The Molecular Organism

The living cell is a goal-oriented organism and may be taken as a perfect example of a computing system. It is as complex as any man-made computer, and moreover it is as flexible, robust, autonomous, situation-aware and interactive as we wish our computers were. And yet, the living cell is not algorithmically controlled in any practical sense: it is not digital, it is not deterministic, and there is no algorithmic division of labor between the working cell and a separate programming entity.

The living cell is a self-organized system. It has at its disposal powerful molecular tools for synthesizing, copying, constructing, cutting, shaping, moving, filtering and sorting. The cell's protoplasm is the ultimate in self-organization, being able to shape itself into almost arbitrary form and to construct the most intricate living molecular edifices (such as the complex dance of molecular motion and synthesis of cell division).

The living cell has a rich behavioral repertoire and is capable of moving, sensing, orienting, eating, foraging, defense, flight, aggression, reproduction, communication, and environmental adaptation. Some of this repertoire our multi-celled organism may have inherited directly from our single-celled ancestors.
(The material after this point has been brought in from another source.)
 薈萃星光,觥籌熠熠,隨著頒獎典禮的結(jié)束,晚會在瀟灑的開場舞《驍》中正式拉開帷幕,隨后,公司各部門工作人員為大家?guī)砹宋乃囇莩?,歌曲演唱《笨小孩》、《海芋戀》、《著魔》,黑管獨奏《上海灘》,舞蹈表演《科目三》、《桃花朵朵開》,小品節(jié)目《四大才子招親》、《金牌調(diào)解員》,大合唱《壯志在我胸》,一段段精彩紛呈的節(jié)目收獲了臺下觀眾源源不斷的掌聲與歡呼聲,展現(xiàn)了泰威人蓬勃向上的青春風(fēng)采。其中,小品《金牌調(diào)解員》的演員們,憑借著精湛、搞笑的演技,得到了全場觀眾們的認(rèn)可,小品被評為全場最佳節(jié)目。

The living cell is a vast tangle of interacting molecules. There is not only a linear cascade from DNA to RNA, proteins and enzymatically synthesized molecules, but there is a complex web of reciprocal interactions forming a rich network of intracellular and intercellular communication. The genes of eurkaryotic cells are embedded in complex molecular machinery for their maintenance, reproduction and read-out. A gene's decision to be transcribed is controlled by cis-regulatory modules that in turn are controlled by transcription factors --- proteins produced by other genes --- and signaling molecules. Each gene may have many such cis-regulatory modules, which may be activated in the different contexts in which the gene can play a role. Also the direct or indirect gene products interact as a rich network, and together this molecular computer ultimately constitutes, constructs and regulates the molecular target systems dong the cell's work proper.
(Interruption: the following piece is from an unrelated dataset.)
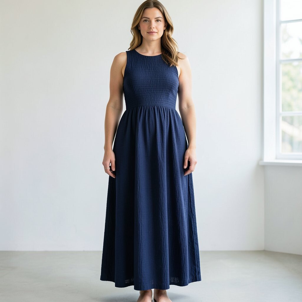 Navy blue smocked maxi dresses bring a nautical vibe to your wardrobe. They’re perfect for sailing trips or seaside dinners.

Molecular biology is waking up just now to face the challenge of back-engineering the molecular organization of cells and organisms, of developing the conceptual tools to understand cells as molecular organisms. Micro-arrays now make it possible to see genes switching on and off (as for instance when cells of baker's yeast revert from aerobic to anaerobic metabolism) but from there to understanding the causal relationships that are responsible for such action is a long way to go. Experimental perturbation analysis (manipulating individual genes or signals to see the effect) is a direct though very arduous method of network analysis. Direct computer simulation of molecular rate equations will be bugged eternally by insufficient information, e.g., on binding and rate constants.

This conceptual challenge is complicated, but also tremendously simplified, by the necessity to understand the cell under evolutionary and ontogenetic variation. It was a big surprise of recent decades to see molecules, genes and whole ontogenetic toolkits preserved over vast arrays of organisms and tremendous evolutionary time-spans. As a result it is now realized that molecular organization is not an un-principled spaghetti-code, raising hopes that it may be governed by general principles which the molecular machinery of the cell is sharing with other goal-oriented systems, principles that evolution has discovered hundreds of millions of years ago, just as software technology had to in order to make progress.